(Provided data Opens)

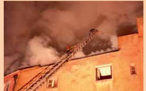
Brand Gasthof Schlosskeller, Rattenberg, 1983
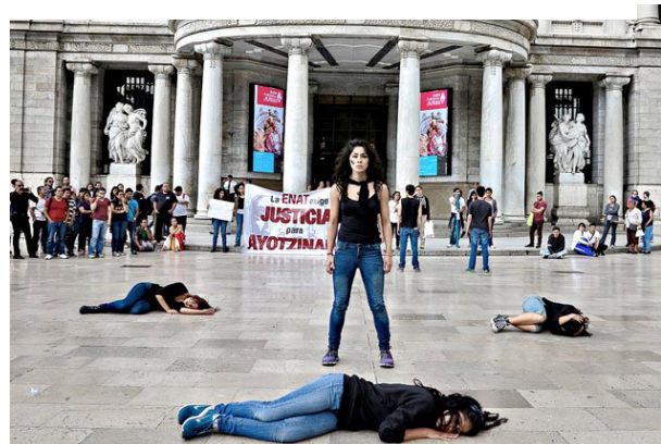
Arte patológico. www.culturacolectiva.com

(Provided data Closes)
(Provided data Opens)

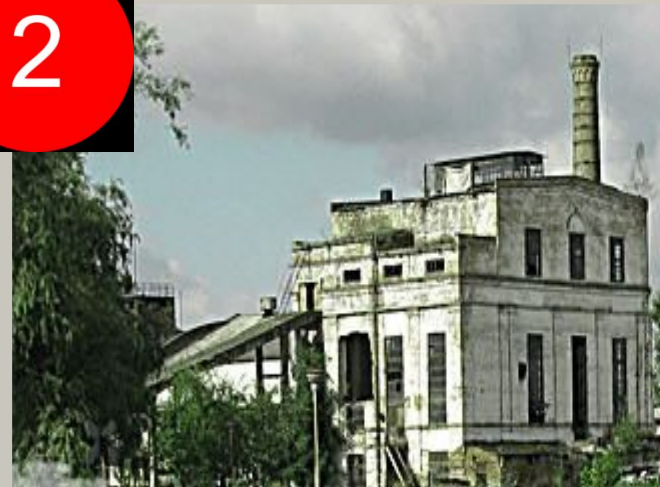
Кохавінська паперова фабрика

(Provided data Closes)

To do ▸ Though the entries above contain pictures, none should be copied; reproduce only the lines between the one holding "Brand Gasthof Schlosskeller, Rattenberg, 1983" and the one holding "Arte patológico. www.culturacolectiva.com", inclusive, exactly as written.

Reply ▸
Brand Gasthof Schlosskeller, Rattenberg, 1983
Arte patológico. www.culturacolectiva.com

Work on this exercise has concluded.